== ENTRIES PROVIDED ==

▬▬▬▬▬▬

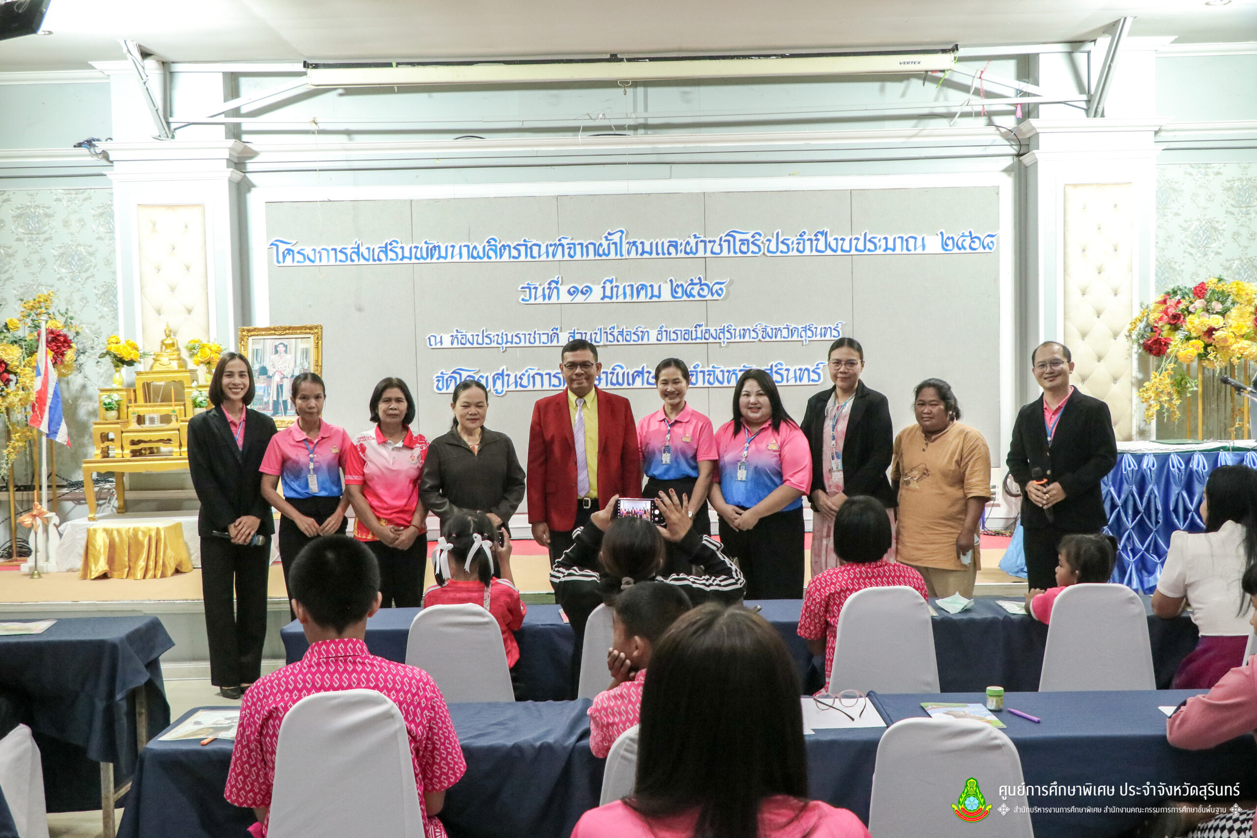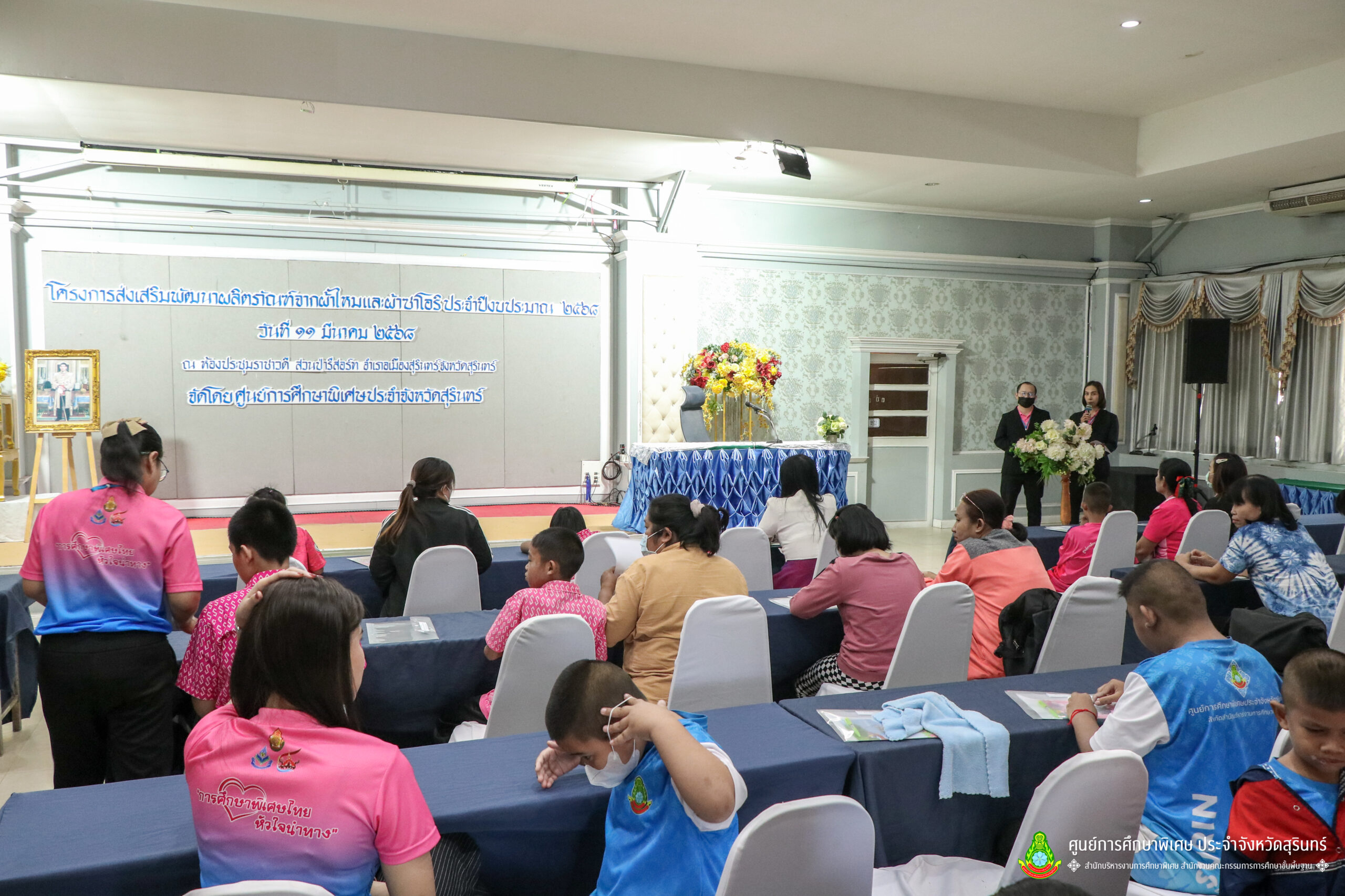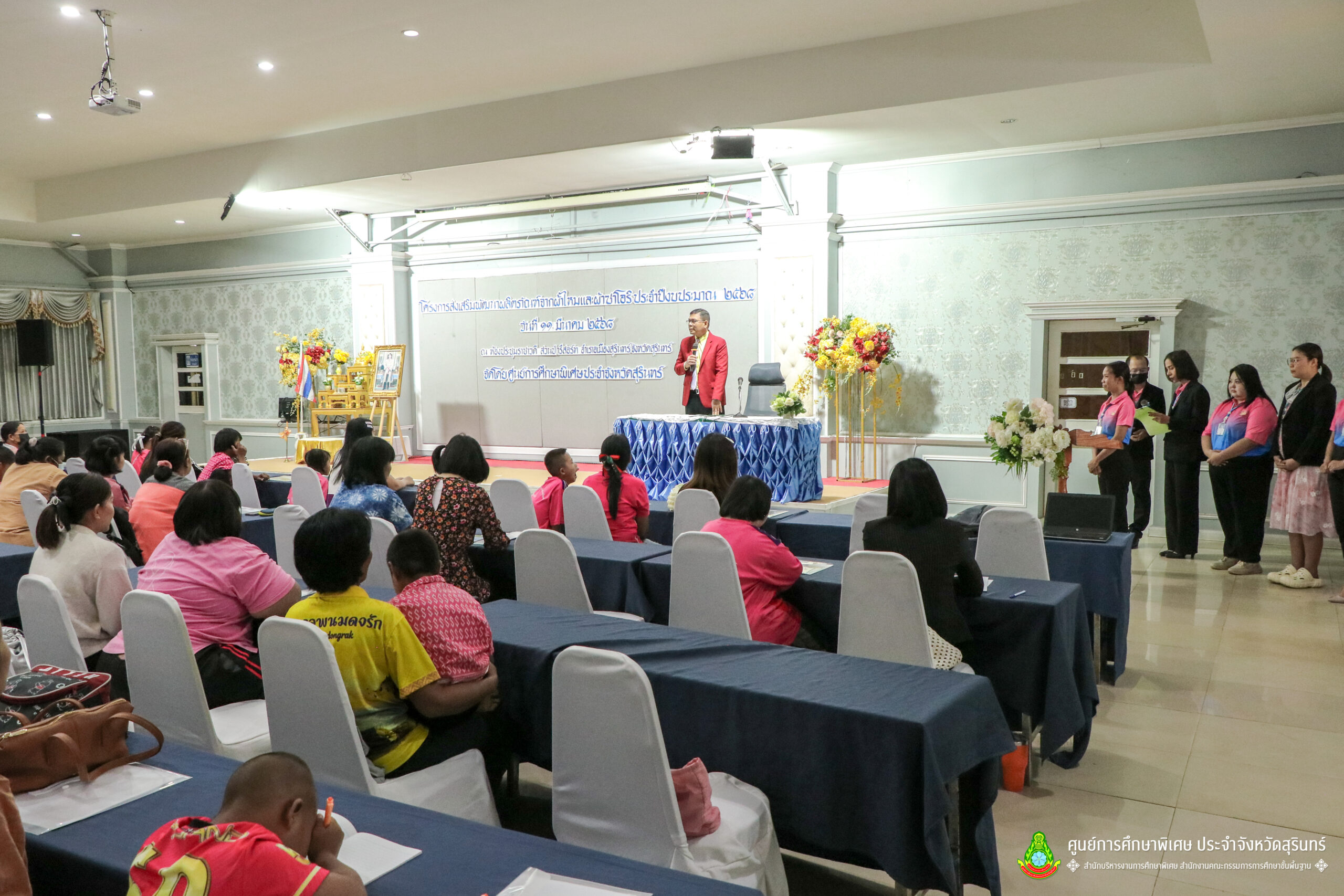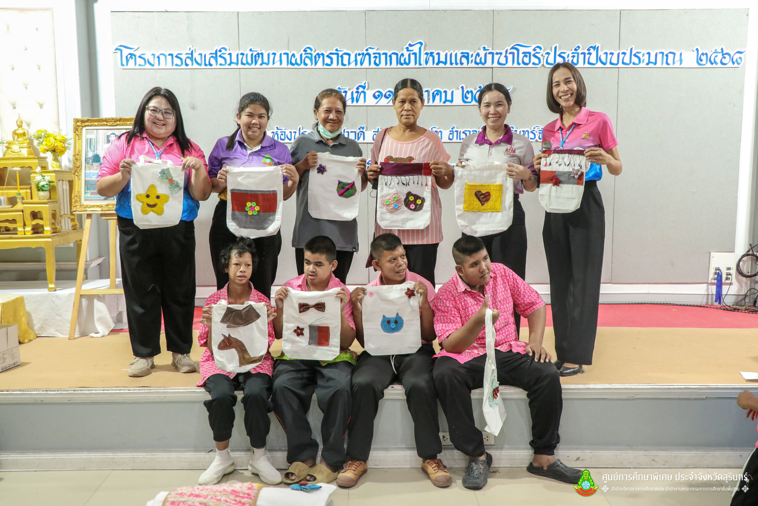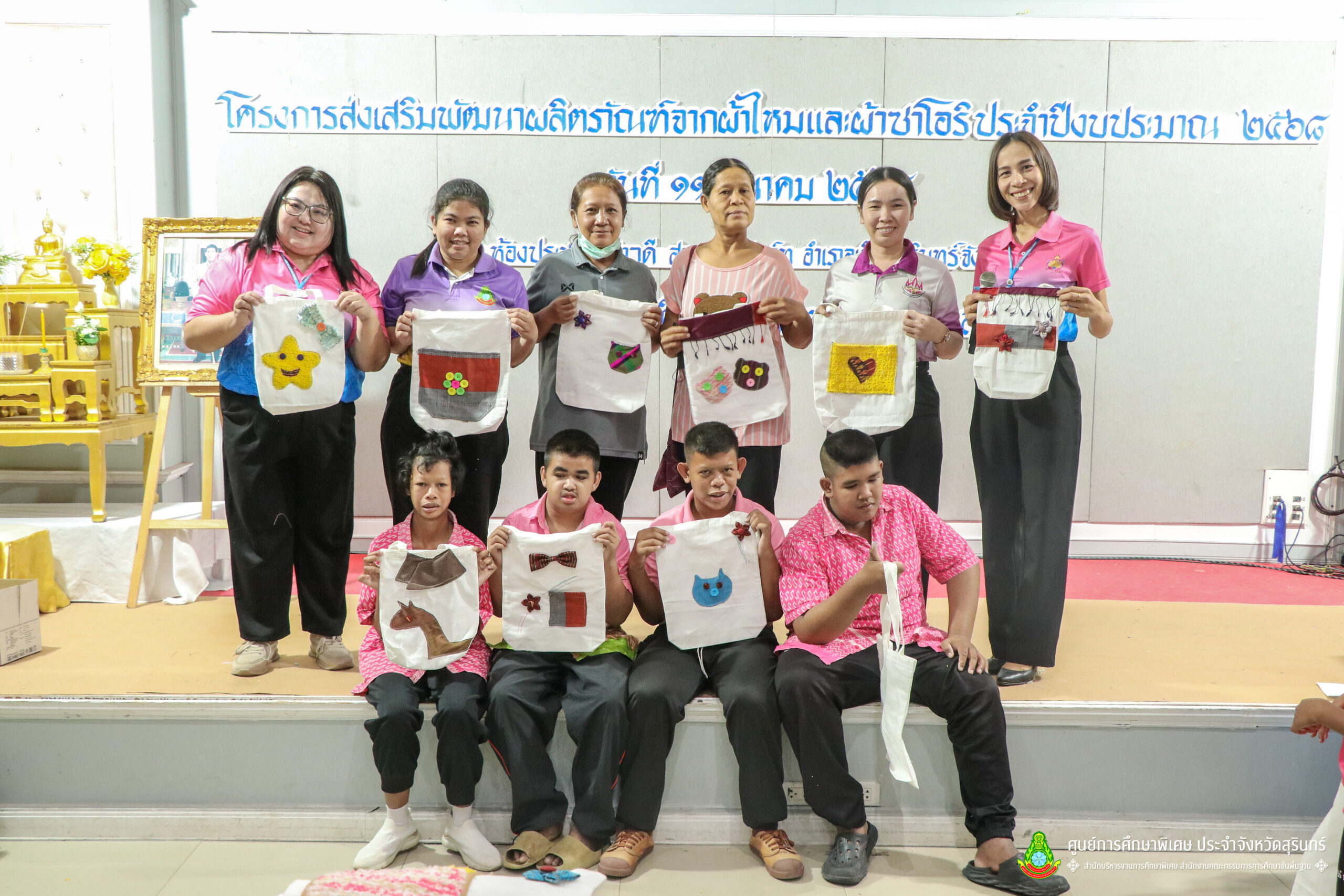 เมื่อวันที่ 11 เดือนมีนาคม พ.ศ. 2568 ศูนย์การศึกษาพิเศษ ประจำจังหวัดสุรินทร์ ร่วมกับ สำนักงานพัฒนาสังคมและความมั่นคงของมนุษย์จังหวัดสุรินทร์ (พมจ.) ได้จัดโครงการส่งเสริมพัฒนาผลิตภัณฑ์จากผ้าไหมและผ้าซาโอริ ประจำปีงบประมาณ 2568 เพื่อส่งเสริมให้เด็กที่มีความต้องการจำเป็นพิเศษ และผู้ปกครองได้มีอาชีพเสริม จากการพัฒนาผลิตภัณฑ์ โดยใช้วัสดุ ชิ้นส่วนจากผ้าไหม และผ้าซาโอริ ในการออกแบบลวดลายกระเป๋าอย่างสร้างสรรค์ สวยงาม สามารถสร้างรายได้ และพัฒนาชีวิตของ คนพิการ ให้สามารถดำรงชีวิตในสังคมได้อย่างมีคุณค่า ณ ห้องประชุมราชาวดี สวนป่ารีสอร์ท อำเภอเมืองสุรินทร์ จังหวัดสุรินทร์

▬▬▬▬▬▬

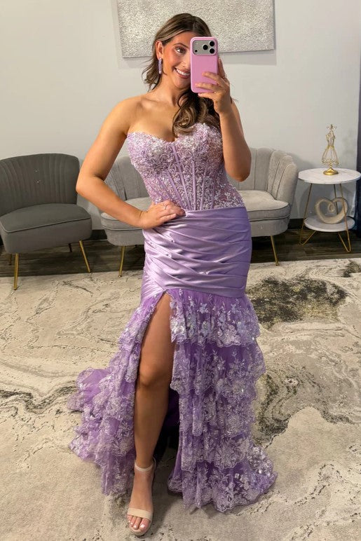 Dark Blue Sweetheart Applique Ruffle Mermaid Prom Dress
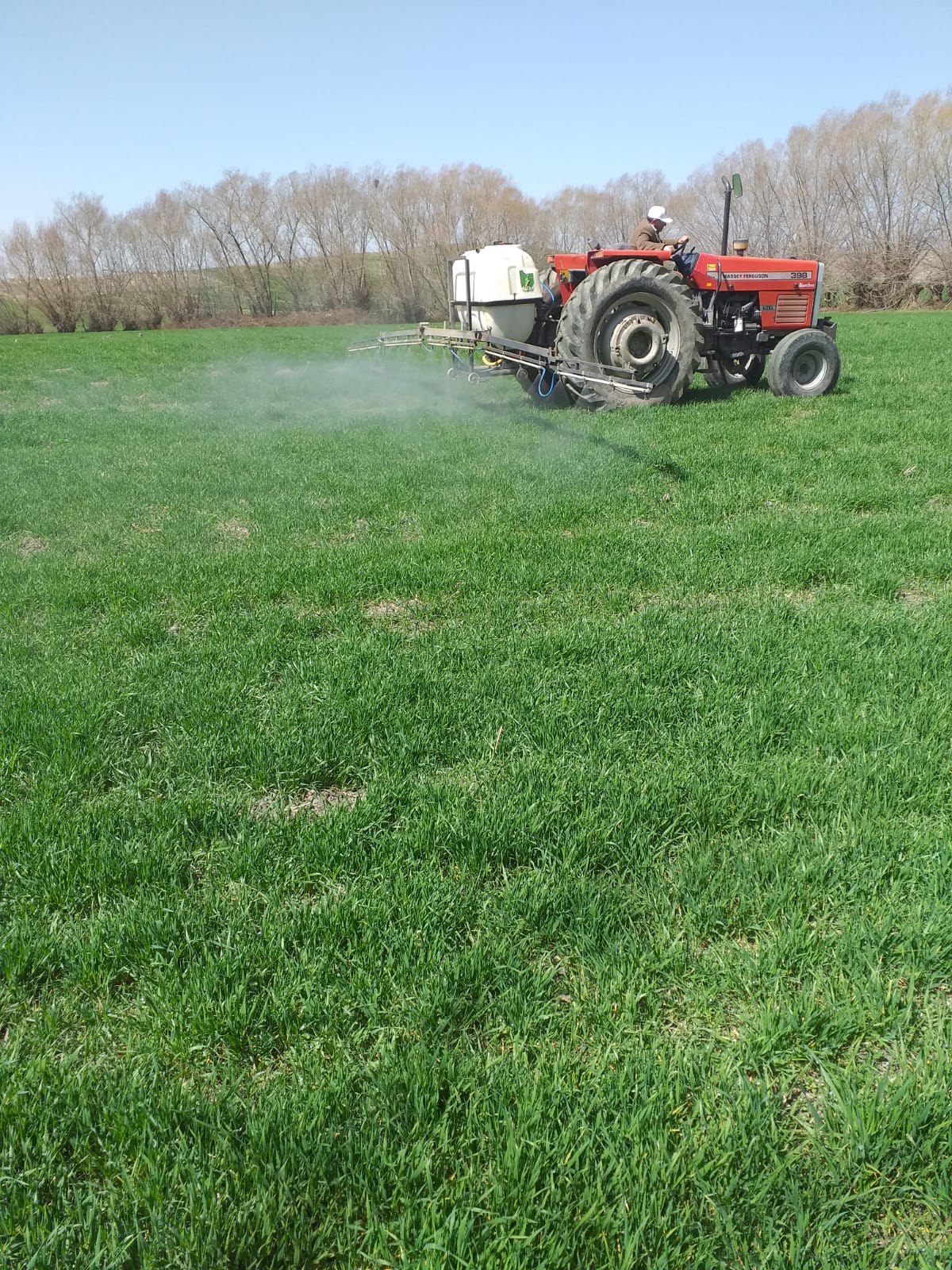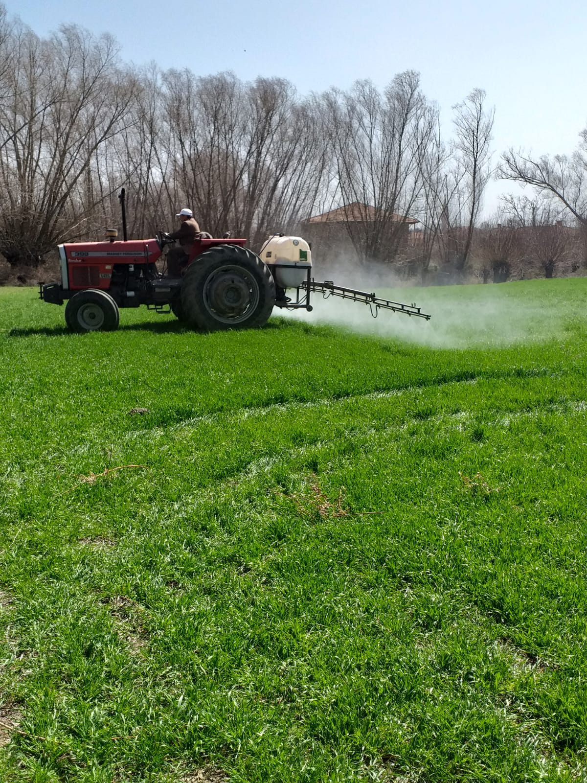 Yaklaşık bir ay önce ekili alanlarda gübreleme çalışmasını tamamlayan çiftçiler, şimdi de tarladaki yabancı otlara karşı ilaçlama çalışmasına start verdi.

▬▬▬▬▬▬

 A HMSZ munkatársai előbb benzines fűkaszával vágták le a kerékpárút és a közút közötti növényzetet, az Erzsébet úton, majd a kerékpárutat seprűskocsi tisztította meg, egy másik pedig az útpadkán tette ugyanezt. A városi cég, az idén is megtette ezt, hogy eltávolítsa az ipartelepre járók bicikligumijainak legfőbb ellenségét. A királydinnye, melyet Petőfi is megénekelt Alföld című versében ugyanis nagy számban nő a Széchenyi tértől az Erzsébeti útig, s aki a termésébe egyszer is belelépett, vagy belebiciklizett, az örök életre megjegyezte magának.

▬▬▬▬▬▬

== THE PROBLEM ==
Copy word for word the lines of the records above from the one with "Dark Blue Sweetheart" up to and including the one with "Yaklaşık bir ay". Skip the pictures.

== ANSWER TO THE PROBLEM ==
 Dark Blue Sweetheart Applique Ruffle Mermaid Prom Dress
 Yaklaşık bir ay önce ekili alanlarda gübreleme çalışmasını tamamlayan çiftçiler, şimdi de tarladaki yabancı otlara karşı ilaçlama çalışmasına start verdi.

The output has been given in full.